After the study was conducted, a new WHO criterion for glioma classification was published. The molecular data needed for the new classification was not present in all the gliomas, especially in group 1 for its retrospective nature. In this group the IDH status and 1p19q codeletion is known for total of 384 patients. Group 2 represents the newer era as a prospective group, where most gliomas were analyzed for IDH mutation and 1p19q codeletion. In fact, 145 of these has this data available. There was no availability for TERT promoter, MGMT, CDKN2A/B or chromosomal 7/10 deletion analyses. With this aforementioned data available, we did additional analyses for astrocytomas that had IDH data available and separated IDH wildtype glioblastomas from grade 4, IDH mutant astrocytomas. In addition, former grade 2-3 oligoastrocytomas were divided into astrocytomas and oligodendrogliomas. After this, oligodendroglial tumors were removed from the analyses. Patients who had a surgical resection were included in these updated analyses.

2.2 Data collection

Data were analyzed from these two aforementioned groups: group 1, which represented the retrospective two-center cohorts, and group 2, which represented the prospective single-center cohort (Table 1). Both groups were divided into two subgroups: subgroup A included WHO 2016 grade 2–3 gliomas, and subgroup B included grade 4 gliomas.

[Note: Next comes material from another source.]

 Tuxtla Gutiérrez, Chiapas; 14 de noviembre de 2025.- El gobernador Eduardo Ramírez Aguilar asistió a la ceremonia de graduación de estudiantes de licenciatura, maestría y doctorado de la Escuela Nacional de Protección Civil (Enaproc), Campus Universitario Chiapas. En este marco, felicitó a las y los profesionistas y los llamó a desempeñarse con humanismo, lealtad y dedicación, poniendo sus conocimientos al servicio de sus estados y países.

Symptoms were considered PS only if they were clearly first-onset symptoms. Patients with multiple first-onset symptoms or slowly progressing symptoms that could not be evaluated in a respective order were unable to be determined. If a patient presented with multiple symptoms, the LS was considered the one that most likely led to additional examinations. Patients presenting with only one symptom had the same PS and LS.

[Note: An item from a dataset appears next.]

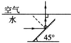 14. 如图所示是经平面镜反射的反射光线,请画出射向平面镜的入射光线和射出水面的折射光线。

Symptoms were characterized specifically and then grouped into nine major symptom classes: epileptic seizure, cognitive disorder, motor dysfunction, headache, sensory symptom, visual or other sense-impairing symptom, tumor hemorrhage, speech disorder, and dizziness. Motor disorder included any paresis or paralysis logical to the anatomical localization of the tumor. Motor and sensory types of aphasia and dysarthria were classified as speech disorders. Cognitive disorders include loss of memory, weakening of everyday performance, inability to cooperate, and other problems with cognitive abilities. The symptoms were collected similarly as previously described (7). These included also hemorrhage, which, in fact, is not a symptom but rather a finding.

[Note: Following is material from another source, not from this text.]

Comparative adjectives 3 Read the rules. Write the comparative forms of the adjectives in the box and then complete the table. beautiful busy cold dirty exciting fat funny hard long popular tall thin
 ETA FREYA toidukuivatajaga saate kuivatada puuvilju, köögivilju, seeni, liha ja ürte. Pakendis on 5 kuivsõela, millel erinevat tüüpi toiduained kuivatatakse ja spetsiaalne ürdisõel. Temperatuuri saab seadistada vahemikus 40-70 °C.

2.3 Neuropathological analysis

The brain tumor samples were h istologically diagnosed according to the WHO 2007 Classification of CNS Tumors in the retrospective cohorts (20) and according to the WHO 2016 Classification of CNS Tumors (1) in the prospective cohort. In the prospective cohort and in part of the retrospective samples, IDH1 mutation status was determined using immunohistochemistry to identify the mutant R132H isocitrate dehydrogenase 1 (IDH1) protein (21, 22). Fluorescence in situ hybridization (FISH) assessment of the chromosomal arms 1p 19q was performed in oligodendroglial tumors (23).

2.4 Statistical analysis

All statistical analyses were conducted using SPSS 20.0 software (IBM, Armonk, NY). Prognostic values of PS and LS were analyzed by Kaplan-Meier curves with log-rank tests. Cox multivariate regression analysis was used to assess the independent value of the prognostic factors in univariate analysis. Covariates used for the Cox forward stepwise regression model were PS, LS, age groups, tumor grade, IDH mutation status, and preoperative Karnofsky performance scale. Age groups were divided into four equal-sized groups; the minimum age was 20 years, and the maximum age was 85 years.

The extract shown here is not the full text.